The day before, Sunday, while at our friend Richard Shurtleffs house for dinner, we were having Parker walk between Renee and I, bribing him to go to someone else holding his pacifier. At first he hesitated, looking for us to hold his hand and scaling along side the couch. Then the other children thought we were playing a game and started running between the different adults and the fireplace laughing. Parker, shirking his inhibition, forgetting that he was handicapped, joined in with the other children laughing too.

Our apartment has a narrow hallway that is probably 75 ft long with red carpetting. Saturday Parker walked up and down it several times-- arms stretched out to the sides and pushing off or steadying himself every so often-- but walking unassisted nonetheless.

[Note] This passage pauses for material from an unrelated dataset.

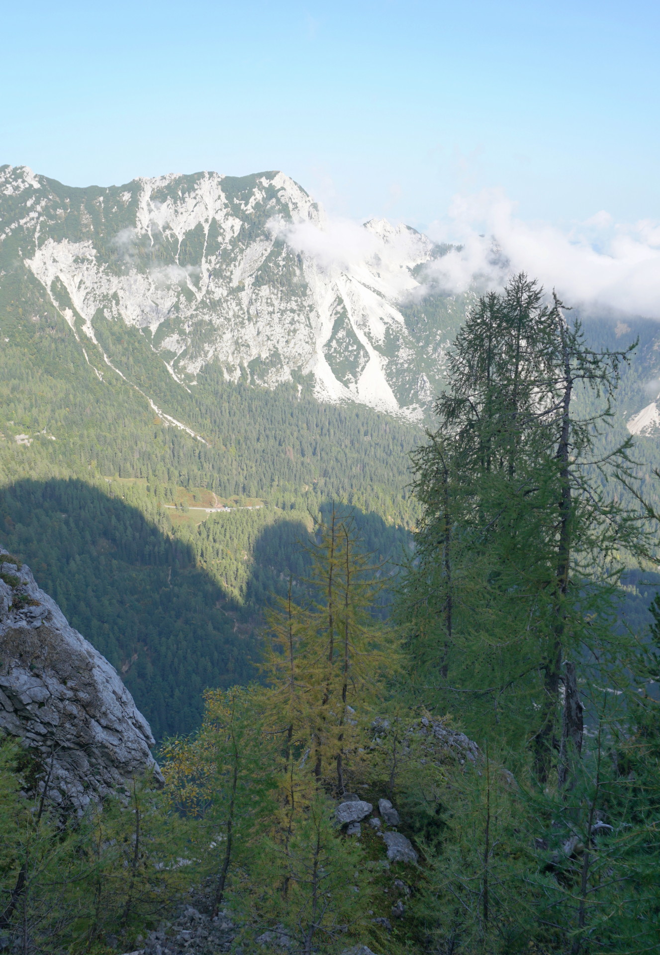 Tam sva si malo oddahnila na travnatih pobočjih pod veličastnim Razorjem, nato pa zakorakala po prečni poti nazaj proti zahodu. Pot je predvsem dolga, a tudi razgibana, razgledna in – sončna. Pravo nasprotje temačnemu in resnobnemu svetu na severni strani. Praviloma bi morala prečiti vse do Vršiča in nato sestopiti do Koče na Gozdu, kjer sva začela. Pa sva se raje namenila poiskat stezo do Kranjske planine, ki je sprva bolj kot ne shojena trava, pod planino se nato v lepih okljukih skozi gozd vije udobna mulatjera in pripelje naravnost do 29. ovinka vršiške ceste. To je očitno povsem na drugi strani od izhodišča, zato sva se tja vrnila na štop; k sreči sta naju kmalu pobrala dva somišljenika in krog je bil sklenjen. Vsekakor tura vredna ponovitve.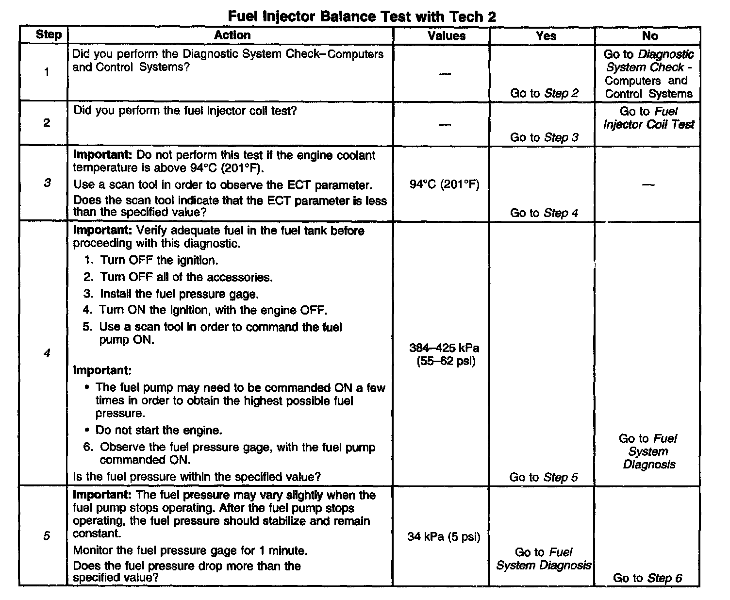 5. The fuel pressure should reach a steady value. Refer to Fuel System Diagnosis if the fuel pressure does not stabilize. Component Tests and General Diagnostics

The French have an expression "ca y est"; --roughly translated as there it is -- but connotes a sense of that's now done. It feels like, this week for walking, ca y est.

He isn't graceful, he has a certain aspect of drunken sailor in his walk, but he is upright and deliberate.

After his first walking week we left for 10 days travelling in the UK and he continued his progression, getting continually better at avoiding obstacles and re-balancing after a sister brush-by. In one apartment we stayed in he was begging for the drink I had in my hands which I finally gave him. He held it in one hand, walked 15ft across the entry way and through the front room to the coffee table where he placed his free hand for balance, then proceded to down the drink.

At the swimming pool he would walk on the wet cement, slip a bit but regain control and continue his progression to the water.

We have even seen him walk across the room, stop midway and pick something off the ground, and continue walking.

He still prefers to hold my hand and when he gets tired he wants to be held. He also tends to crawl when he doesn't have a fixed reference point, but still, everyday you will see him just walking by randomly, or decide for no reason to leave the couch and walk to the table.

The girls all walked at between 10 and 13 months. Parker has taken at least twice that and it may be some time before he totally masters it and uses it as his main method of transportation-- still, one worry seems to have been lifted as one more fear seems to have disappeared.